Спасти Кремль - Елена Ленковская
Шрифт:
Интервал:
Закладка:
— Манекены надувать, — почти беззвучно шевелил губами Шрёдер, скосив глаза на незапертую дверь.
Луша понимающе кивнула, еле сдерживая смех. Карл Фридрихович, тайно надувающий манекены! Хе-хе. Полминуты она крепилась, потом не выдержала, и проказливо надула щёки. Клац! — Крепкие ладошки с силой хлопнули по щекам. Звук получился неприличный. Щёки покраснели.
Вдруг, внезапно став серьёзной, девочка подошла к старику поближе и заглянула ему в лицо.
— Жаль, что вам придётся заняться этим без меня. Я, Карл Фридрихович, ухожу. — И она горячо зашептала ему что-то на ухо.
Старик слушал, не прерывая, и только печально качал головой.
— О, майн готт! Чего только не делается на этом свете!.. — подытожил портной, возвращаясь к работе. Потом поднял голову и вздохнул, обращаясь исключительно к манекену. — Такого сорванца разве удержишь!
Луша молча и пристально глядела на старика, словно чего-то ожидая.
— Ладно, мундирчик бери. Вещь конечно дорогая, только кто знает, когда теперь у заказчика до него руки дойдут. Да и вырастет кадет из него, юноши быстро растут.
— Да-с, быстро растут, — повторил он, задумчиво глядя на Лушу, — особенно теперь.
По дороге в штаб
Денег на извозчика не было. Те из извозчиков, что ещё не оставили Москву, заламывали немыслимую цену. Пятьдесят рублей! Впрочем, не было и рубля, не только пятидесяти.
— Это ж надо! До войны сабля в Москве семь рублей стоила. Пара пистолетов тульских — восемь, карабин многое пятнадцать! — мрачно заметил Александров.
До главной квартиры русской армии, что стояла теперь под самой Москвой, улан Александров на пару с кадетом Раевским потащились пешком. Прохромав по мостовой версты три, улан в изнеможении лёг на землю.
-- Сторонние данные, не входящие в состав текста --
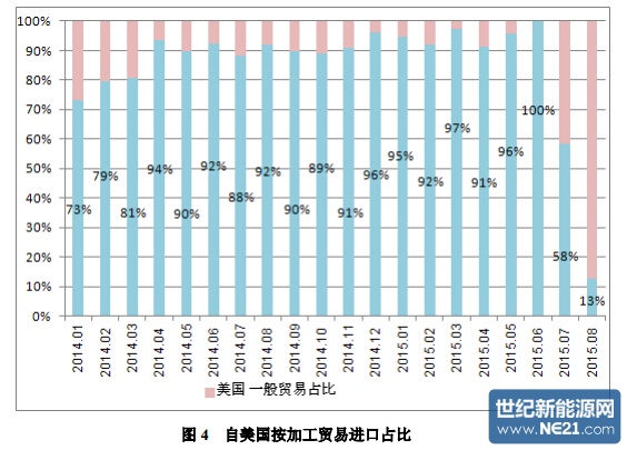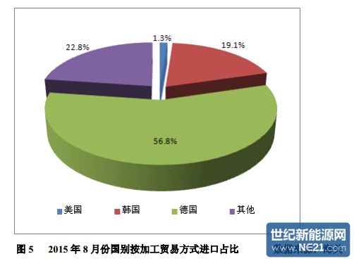 二、按贸易方式来分,2015 年 8 月份我国加工贸易等方式进口 1926 吨, 占比为 22.5%。1-8 月份累计按加工贸易方式进口 42185 吨,占累计总进口量的 53.9%。分国别具体看来:8 月份自韩国按加工贸易方式进口多晶硅 368 吨,占 自韩国进口总量的 7.7%,1-8 月份累计自韩国按加工贸易方式进口 13346 吨, 占累计总进口量的 40.2%,即便 2.4%的税率都要通过加工贸易方式规避;8 月 份自美国按加工贸易方式进口多晶硅 25 吨,占自美国进口总量的 12.5%,8 月 份从美国进口量之所以能够大幅减少,与暂停加工贸易“58 号文件”顺利实施 有必然联系,1-8 月份累计自美国按加工贸易方式进口 10732 吨,占比 92.3%; 8月份自德国按加工贸易方式进口多晶硅1094吨,占自德国进口总量的54.1%, 是 8 月加工贸易占比最高的国家,德国 8 月份的加工贸易量是其在保税仓储的释放延后所致,1-8 月份累计自德国按加工贸易方式进口 12377 吨,占比 58.3%。

Контуженная нога его распухла и разболелась нестерпимо.
— Вот ведь, никогда бы не подумал, что контузия — это такая дрянь, — простонал улан. — Знаешь, Раевский, несмотря на столько битв, в которых я был, я ведь раньше и понятия никакого не имел о контузии. Мне казалось, что получить ее — не значит быть раненым!
— А чем это, Александров, вас так ударило?
— Ядром, — кратко ответил тот, вытирая рукавом невольно выжатые слёзы.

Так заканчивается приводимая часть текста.